Substituting r^2 = 25 - x^2 into the expression for work, we have:
Work = Integral from 0 to 5 of: (pi * (25 - x^2) * density * g * (5 - x)) dx
Now, let's calculate this integral step-by-step:
Step 1: Simplify the expression inside the integral:
Work = (pi * density * g) * Integral from 0 to 5 of: ((25 - x^2) * (5 - x)) dx
Step 2: Expand the expression inside the integral:
Work = (pi * density * g) * Integral from 0 to 5 of: (125 - 5x - 25x + x^3) dx
Work = (pi * density * g) * Integral from 0 to 5 of: (x^3 - 30x + 125) dx
Step 3: Integrate each term separately:
For the term x^3:
Integral of x^3 dx = x^4/4
For the term -30x:
Integral of -30x dx = -15x^2
For the constant term 125:
Integral of 125 dx = 125x
Step 4: Evaluate the definite integral from 0 to 5 for each term:
Integral of (x^3 - 30x + 125) dx from 0 to 5
= [(5^4/4 - 15(5)^2 + 125(5)) - (0^4/4 - 15(0)^2 + 125(0))]
= [(625/4 - 375 + 625) - (0 - 0 + 0)]
= [625/4 + 625 - 375 - 0]
= 1875/4
= 468.75 ft-lb
So, the work required to pump the water out of the tank is 468.75 ft-lb.
To find the work required to pump the water out of the tank, we need to integrate the force over the distance.
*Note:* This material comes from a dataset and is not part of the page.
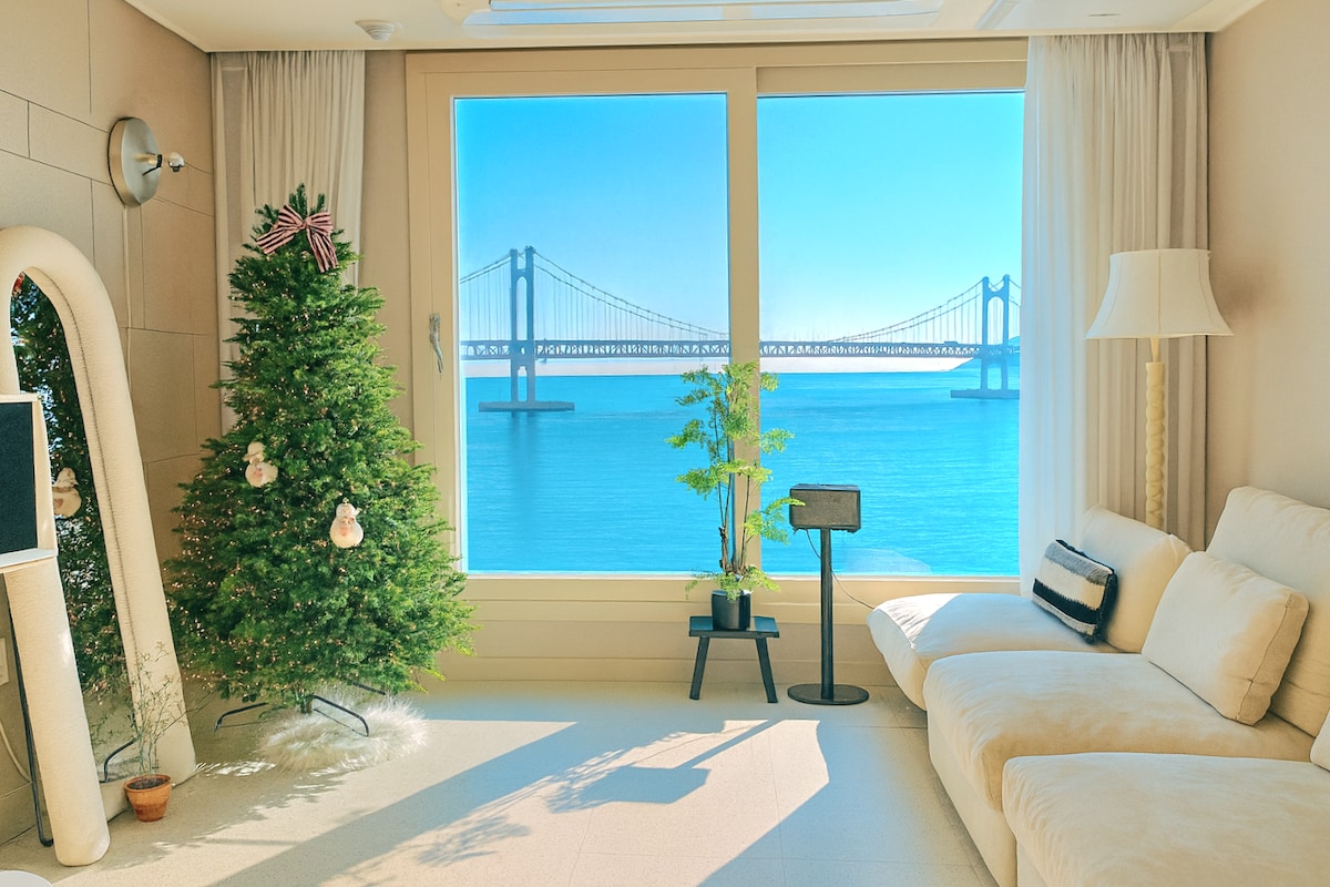 ❤️최근 방 확장 공사를 하여 침실 2개, 거실 1개의 구조로 퀸 침대 1개, 더블 침대 2개로 여유있게 주무실수 있어요:) 안리빌라(Anri villa)를 찾아주셔서 감사합니다. 🎇초근접 광안대교를 볼 수 있는 환상적인 브릿지 뷰(full ocean view) 💕거실과 침실 모두에서 볼 수 있는 힐링 풀오션뷰와 광안대교뷰 "인생샷을 남겨보세요"💖 신축 20평형대 프리미엄급 숙소로👍 매일 침구류 세탁과 살균소독 및 청소, 청결을 최우선으로 합니다.😉🎇 🍃숙소 건물내 지하1~3층 무료 주차장(자주식) 🍃스마트TV로 넷플릭스 유튜브 등을 즐겨보세요. 🍃바로 옆 밀락더마켓, 해운대 차로 10분 거리 🍃1층 카페, 와인샵 등 편의시설이 있어요. 🍃🍃 안티스트레스 티(유기농)와 핸드드립 커피, 인센스가 준비되어 있습니다. 마음이 복잡했다면 따뜻한 차와 향과 함께 조금은 해소되길 바라요.
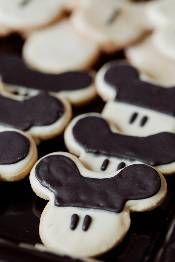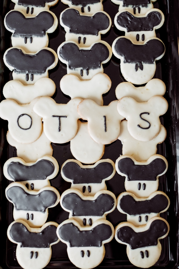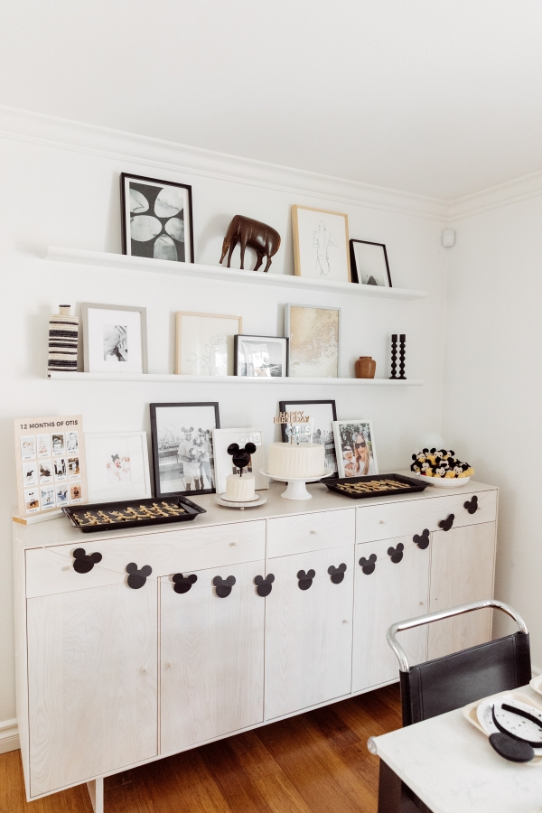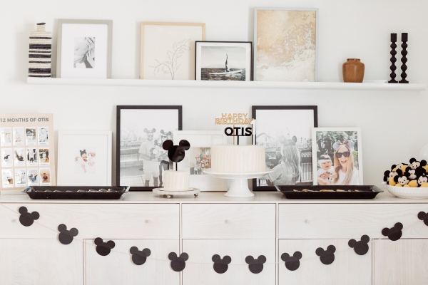 For the dessert table, I set this up on my dining room cabinets to keep it out of the way and also double as a decor moment. I had the cake toppers custom made along with the 12 Months of Otis sign which quickly gave our simple white cakes the finishing touch they needed. An idea I had to tie in my existing decor style with the party theme was to have some photos of Otis at Disneyland framed from framebridge. Having those photo memories be part of our day was so special and fun to include some photos of Otis when he was younger. I also got these tiny Mickey Mouse plush toys for the kids as party favors and they served as a decor element during the party which was fun and playful. For the sugar cookies, I actually made them myself! It took me 3 days to complete them but they turned out so cute. I used this recipe. The last element of this space was the homemade Mickey Mouse garland. I spent time searching the internet for plain black garland and there was nothing that was speaking to me, so I decided to make my own with the help of my amazing friends.

Given that the tank is a hemisphere with radius r = 5 ft, we need to consider a small volume element at height x above the base. The relationship between x and r (the radius of the circular volume element) is r^2 + x^2 = 5^2.
The mass of the volume element is given by density times the volume. In this case, the density is 62.5 lb/ft3. The volume of the volume element is pi * r^2 * dx.
So, the mass of the volume element is mi = 62.5 * pi * (5^2 - x^2) * dx.
The force on the volume element is given by force = mass * acceleration. In this case, the acceleration is due to gravity, which is approximately 32.15 ft/s^2. So, the force on the volume element is Fi = 62.5 * pi * (5^2 - x^2) * dx * 32.15 ft/s^2.
To find the work done to pump out the water, we need to integrate the force over the distance. So the total work is:
W = Integral from 0 to 5 of (62.5 * pi * (5^2 - x^2) * dx * 32.15 ft/s^2 * x).
Evaluating this integral, we get:
W = 62.5 * pi * Integral of (32.15 * (5^2 - x^2) * x) dx, from 0 to 5.
Simplifying this expression, we get:
W = 62.5 * pi * Integral of (800.75x - 32.15x^3) dx, from 0 to 5.
Integrating term by term, we get:
W = 62.5 * pi * [400.375x^2 - 8.0375x^4/4] evaluated from 0 to 5.
Evaluating this expression, we get:
W = 62.5 * pi * [400.375(5^2) - 8.0375(5^4)/4].
Calculating this value, we find:
W ≈ 100220 ft-lb.
So, the work required to pump the water out of the tank is approximately 100220 ft-lb.